Exercise prompt:
Output only the lines below that start at the line containing "2026年1月4日,学校党委" and end at the line containing "超级巡警通用软件卸载工具 V1.0 beta", with both ends kept.

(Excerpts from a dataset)

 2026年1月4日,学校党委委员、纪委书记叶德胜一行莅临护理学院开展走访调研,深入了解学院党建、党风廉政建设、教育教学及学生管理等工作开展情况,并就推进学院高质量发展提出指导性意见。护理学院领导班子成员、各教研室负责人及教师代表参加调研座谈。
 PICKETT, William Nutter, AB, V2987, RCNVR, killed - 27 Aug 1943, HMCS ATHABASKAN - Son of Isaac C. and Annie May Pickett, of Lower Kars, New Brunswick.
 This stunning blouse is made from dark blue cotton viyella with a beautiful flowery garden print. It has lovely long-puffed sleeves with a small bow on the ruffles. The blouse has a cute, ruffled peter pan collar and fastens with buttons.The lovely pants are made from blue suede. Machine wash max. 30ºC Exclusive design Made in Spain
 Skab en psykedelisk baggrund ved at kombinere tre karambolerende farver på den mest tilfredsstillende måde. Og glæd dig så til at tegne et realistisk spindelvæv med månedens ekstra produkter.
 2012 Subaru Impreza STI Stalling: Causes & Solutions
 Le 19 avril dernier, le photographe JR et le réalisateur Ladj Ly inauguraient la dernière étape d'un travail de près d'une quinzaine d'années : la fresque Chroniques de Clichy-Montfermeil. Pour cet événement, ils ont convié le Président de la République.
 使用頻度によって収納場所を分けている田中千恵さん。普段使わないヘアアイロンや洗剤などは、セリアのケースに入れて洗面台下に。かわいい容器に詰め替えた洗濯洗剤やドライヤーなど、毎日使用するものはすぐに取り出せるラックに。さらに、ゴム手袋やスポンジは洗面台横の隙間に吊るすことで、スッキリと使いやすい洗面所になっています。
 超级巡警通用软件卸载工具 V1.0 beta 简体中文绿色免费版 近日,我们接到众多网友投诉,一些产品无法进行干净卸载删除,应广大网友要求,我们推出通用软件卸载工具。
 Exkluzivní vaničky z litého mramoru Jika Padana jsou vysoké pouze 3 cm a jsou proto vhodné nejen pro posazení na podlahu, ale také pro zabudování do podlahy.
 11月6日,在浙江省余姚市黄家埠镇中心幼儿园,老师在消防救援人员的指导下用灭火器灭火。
* * *
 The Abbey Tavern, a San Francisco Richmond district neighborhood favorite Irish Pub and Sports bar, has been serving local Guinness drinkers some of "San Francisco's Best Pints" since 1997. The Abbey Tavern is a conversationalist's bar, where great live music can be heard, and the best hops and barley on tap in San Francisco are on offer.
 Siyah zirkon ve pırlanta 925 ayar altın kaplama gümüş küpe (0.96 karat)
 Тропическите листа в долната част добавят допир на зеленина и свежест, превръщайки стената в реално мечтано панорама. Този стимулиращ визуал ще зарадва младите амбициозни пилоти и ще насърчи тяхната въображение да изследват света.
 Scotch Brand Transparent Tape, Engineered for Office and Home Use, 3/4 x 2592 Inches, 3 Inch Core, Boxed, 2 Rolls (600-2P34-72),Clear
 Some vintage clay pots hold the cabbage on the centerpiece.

Your solution:
 2026年1月4日,学校党委委员、纪委书记叶德胜一行莅临护理学院开展走访调研,深入了解学院党建、党风廉政建设、教育教学及学生管理等工作开展情况,并就推进学院高质量发展提出指导性意见。护理学院领导班子成员、各教研室负责人及教师代表参加调研座谈。
 PICKETT, William Nutter, AB, V2987, RCNVR, killed - 27 Aug 1943, HMCS ATHABASKAN - Son of Isaac C. and Annie May Pickett, of Lower Kars, New Brunswick.
 This stunning blouse is made from dark blue cotton viyella with a beautiful flowery garden print. It has lovely long-puffed sleeves with a small bow on the ruffles. The blouse has a cute, ruffled peter pan collar and fastens with buttons.The lovely pants are made from blue suede. Machine wash max. 30ºC Exclusive design Made in Spain
 Skab en psykedelisk baggrund ved at kombinere tre karambolerende farver på den mest tilfredsstillende måde. Og glæd dig så til at tegne et realistisk spindelvæv med månedens ekstra produkter.
 2012 Subaru Impreza STI Stalling: Causes & Solutions
 Le 19 avril dernier, le photographe JR et le réalisateur Ladj Ly inauguraient la dernière étape d'un travail de près d'une quinzaine d'années : la fresque Chroniques de Clichy-Montfermeil. Pour cet événement, ils ont convié le Président de la République.
 使用頻度によって収納場所を分けている田中千恵さん。普段使わないヘアアイロンや洗剤などは、セリアのケースに入れて洗面台下に。かわいい容器に詰め替えた洗濯洗剤やドライヤーなど、毎日使用するものはすぐに取り出せるラックに。さらに、ゴム手袋やスポンジは洗面台横の隙間に吊るすことで、スッキリと使いやすい洗面所になっています。
 超级巡警通用软件卸载工具 V1.0 beta 简体中文绿色免费版 近日,我们接到众多网友投诉,一些产品无法进行干净卸载删除,应广大网友要求,我们推出通用软件卸载工具。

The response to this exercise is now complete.